Accra, July 12, Ghanadot - As health care gets increasingly expensive in many African countries, a growing number of people are turning to traditional herbal medicine.

The World Health Organisation estimates seven out of 10 people in Africa rely on traditional herbal medicine. In many countries however, these drugs are not certified and their use raise safety concerns.

In Ghana for instance, it is common to hear from traditional herbalist proclaiming how one herbal drug could cure about 20 diseases. Also, the dosage on these herbal drugs and its expiry dates are most often not known.

The situation is no different at the various herbal clinics who many Ghanaians believed operate under license from the Food and Drugs Board. It was recently discovered by the authorities of Food and Drugs board that most of the drugs that are being administered by some of the herbal clinics are not certified by the board and therefore poses great danger to the health of the general public.
Also, most of these herbal clinics have no equipment to diagnose a disease and therefore employed unorthodox and unhygienic means for that.

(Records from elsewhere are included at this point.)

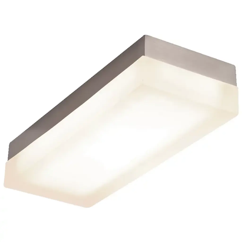 The simple, functional design of the Dice Rectangular Flushmount from dweLED can be installed into a broad range of environments, such as residential, commercial, and healthcare. Attached to the ceiling is a metallic base that holds the thick, etched pressed glass diffuser, which disperses the energy-efficient LED light to ensure an even, steady glow. As a truly versatile ceiling light, this fixture can be incorporated as hallway lighting, or an outdoor light depending on your specific lighting needs.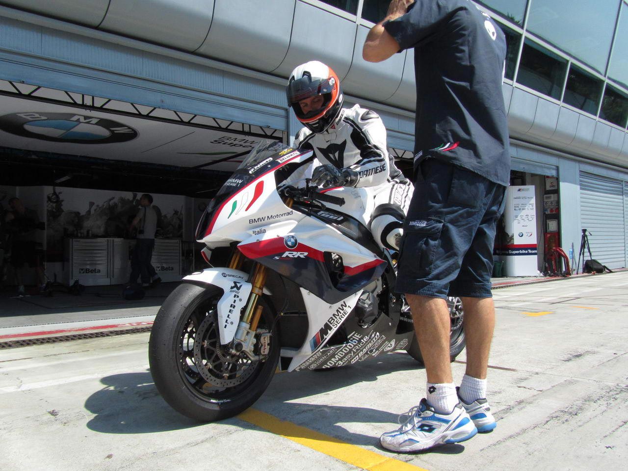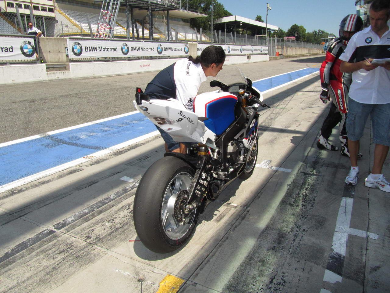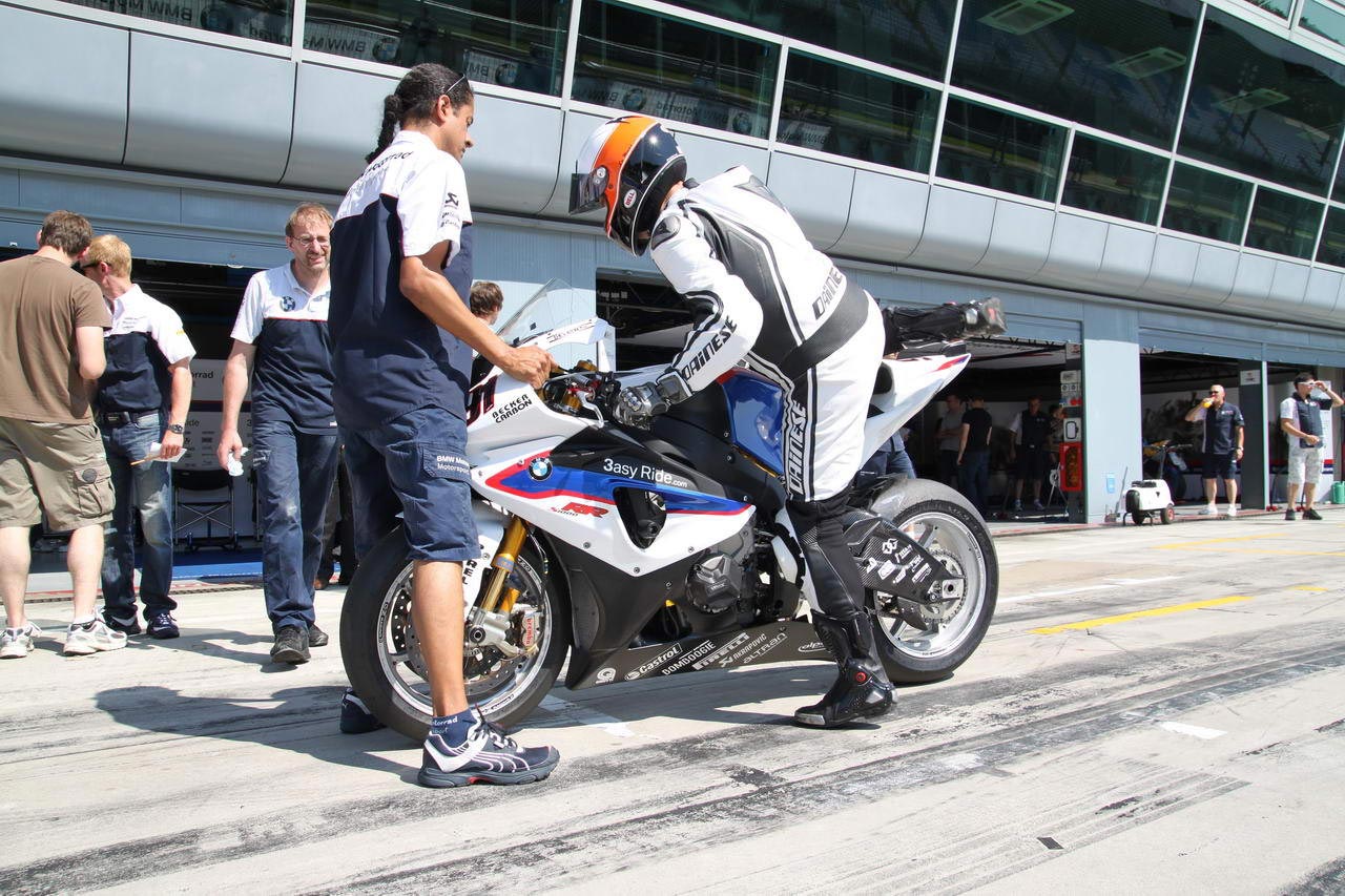 The first surprise in the Monza test came from the S1000RR Superstock bike of Sylvain Barrier. I had tried this bike last year when Ayrton Badovini was riding on it, and even though I was working for another brand, I had enjoyed the ride enormously. With now a year having passed, I sat on this bike almost petrified by the differences that had occurred to this motorcycle over the past months. Ayrton’s bike from last year was easy, with supple suspension, and was well manageable in the braking zones, while Barrier’s bike from this year was hard like a rock. The French rider expects a very controlled ride, so consequently his forks have very rigid settings. This means that one must be absolutely on top of what he wants to do with the bike, because with a front-end that is so stiff, there are few possibilities for trajectory changes once you are set in a turn.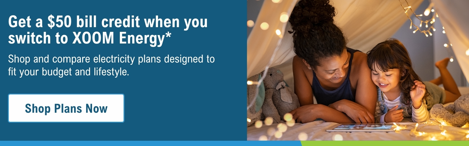 *Limited time offer. The $50 bill credit is a one-time promotional offer only for first-time residential electric customers in Texas who enroll on the SureLock 24 Unbundled or SureLock 36 Unbundled fixed-rate plan. Additional eligibility requirements, terms and restrictions may apply. Please see our Terms of Service for full details, which can be found on online in the Product Details section of each plan and in your Welcome Email/Letter. Previous customers or existing customers are not eligible. $50 bill credit will be awarded on your third electricity bill following the initiation of service on this plan. You must maintain enrollment on this plan in good standing (no past-due balance or pending termination) at the time of credit award to receive the bill credit. Any positive bill credit balance will carry forward to the next month's electricity bill. Bill credits are not transferrable and not redeemable for cash. XOOM Energy may discontinue this offer at any time without prior notice.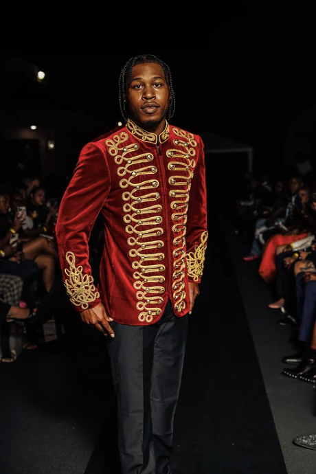 Costume de fête de styliste, veste en velours pour hommes, Blazer de smoking, Costume de fête militaire rouge et or

With the upsurge in illegal activities of some of the herbal clinics, many Ghanaians are wondering whether the Foods and Drugs Board has the teeth to bite. The Food and Drugs Board is charged with the responsibility of determining the quality, safety and efficacy of herbal drugs and other imported drugs.

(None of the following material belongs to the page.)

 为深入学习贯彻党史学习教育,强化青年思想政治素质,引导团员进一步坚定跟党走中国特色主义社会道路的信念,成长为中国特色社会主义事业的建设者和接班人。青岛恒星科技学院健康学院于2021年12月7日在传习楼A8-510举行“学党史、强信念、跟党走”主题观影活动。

Dr Agyeman Dua, Director of herbal drugs has said, the board has never relent over its responsibility of ensuring that safety herbal drugs are administered.
He told Ghanadot in an interview that, his outfit has waged war on illegal activities of some of the herbal clinics and it is achieving results.

"Everyday we visit herbal clinics for inspection and we make sure they operate in line with our policy", he said.

He has however call on Ghanaians to report to his outfit herbal drugs that they think is causing harm to the general public for quick expulsion from the market.

"We cannot identify all the illegal drugs in the system and it behoves on Ghanaians to help us fight this menace by giving us useful information", Dr Agyemang added.